A M.giganteus é uma gramínea perene de grande porte com um sistema radicular que captura grande quantidade de nutrientes, além disso, seu caule fornece cobertura para a fauna silvestre. Essa espécie possui outras vantagens por ter grande capacidade de “seqüestrar” carbono e promover a manutenção do solo. Comercialmente, vem sendo utilizada, no Reino Unido, com grande procura pelo mercado, pois é uma ótima fornecedora de energia limpa. Nos EUA e na Irlanda, tem sido pesquisado o desenvolvimento dessa espécie como fonte de biomassa para a produção de energia, que se daria pela combustão direta, através do etanol ou pela produção de outro biocombustível qualquer.

Essa espécie possui uma grande capacidade de estocar energia, dentre as do tipo C4, além de ter alta produtividade em climas frios e manter sua atividade fotossintética ativa a temperaturas abaixo de 6°C. Essa temperatura permite que a planta se mantenha durante um longo período em estado vegetativo, nas regiões com climas frios. Em comparação com o milho (Zea mays), por exemplo, essa mesma temperatura está bem abaixo do mínimo exigido pela planta. A compreensão dessa diferença entre as duas espécies ajudará na adaptação do milho a ambientes mais frios.   

As plantas do C4, entre elas o milho, o sorgo, e a cana-de-açúcar, diferem de plantas C3, como o trigo e o arroz, pela existência de outra via pela qual o gás carbônico pode ser incorporado. Este mecanismo, denominado via C4, tornou estas espécies mais eficientes na conversão da energia solar em matéria vegetal. A base dos estudos dos pesquisadores é a compreensão desse mecanismo C4, composto por quatro etapas.

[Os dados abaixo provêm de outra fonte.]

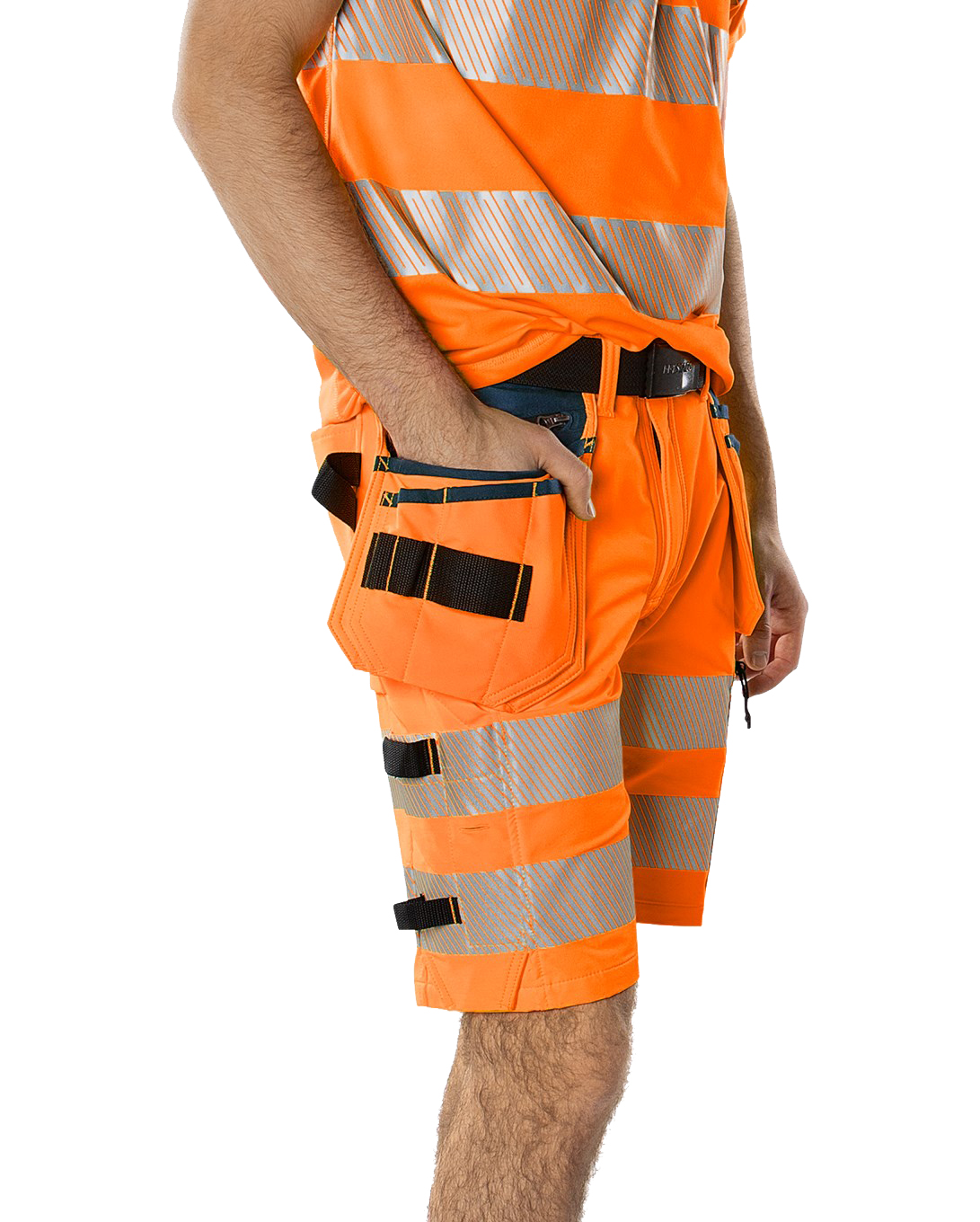 Nachhaltige, gut sichtbare Handwerker-Stretch-Shorts aus biobasierten und recycelten Materialien. Vollständiger 4-Wege-Stretch und zusätzliche Stretcheinsätze am Bund bieten hervorragenden Komfort und Bewegungsfreiheit. Mit EPD (Environmental Product Declaration). Konzept: Stiby

As reações que fazem parte do mecanismo são catalisadas por uma enzima e, particularmente, em algumas dessas reações, há uma chamada Piruvato Fosfato Diquinase (PPDK, sigla em inglês), composta por duas partes. Os pesquisadores observaram o comportamento da enzima a temperaturas baixas e perceberam que houve uma separação das duas partes da molécula, o que não ocorreu com as outras três enzimas específicas. Ao examinarem a seqüência do gene que codifica a enzima, os pesquisadores não encontraram nenhuma diferença, obtendo o mesmo resultado ao analisarem o composto in vitro.         

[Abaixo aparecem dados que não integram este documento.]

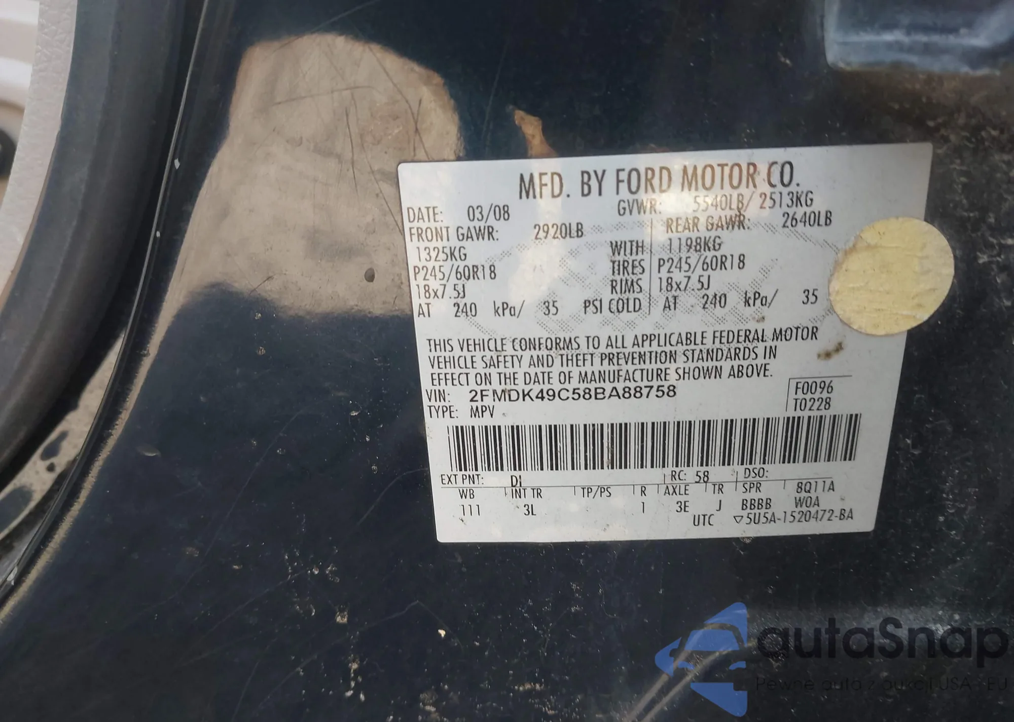 VIN: 2FMDK49C58BA88758

Quando colocada nas mesmas condições, ou seja, no frio, a enzima apresentou diferentes comportamentos nas duas espécies. No milho, ela foi desaparecendo lentamente, ao mesmo tempo em que a capacidade da folha de reter o CO2, na fotossíntese, também diminuía. O inverso ocorreu com a M.giganteus, isto é, ela produziu mais enzima e as folhas mantiveram a capacidade fotossintética.       

Para entenderem essa diferença de comportamento, os pesquisadores clonaram o gene que expressa a enzima das duas espécies usando a bactéria E. Coli. Dessa forma, foi possível isolar grandes quantidades desta substância. Os pesquisadores concluíram que o aumento quantitativo do catalizador é um fator importante para a resistência da Miscanthus ao frio. Os resultados obtidos mostram a possibilidade de fazer com que a planta de milho produza, por mais tempo, maior quantidade da enzima em climas com temperaturas baixas.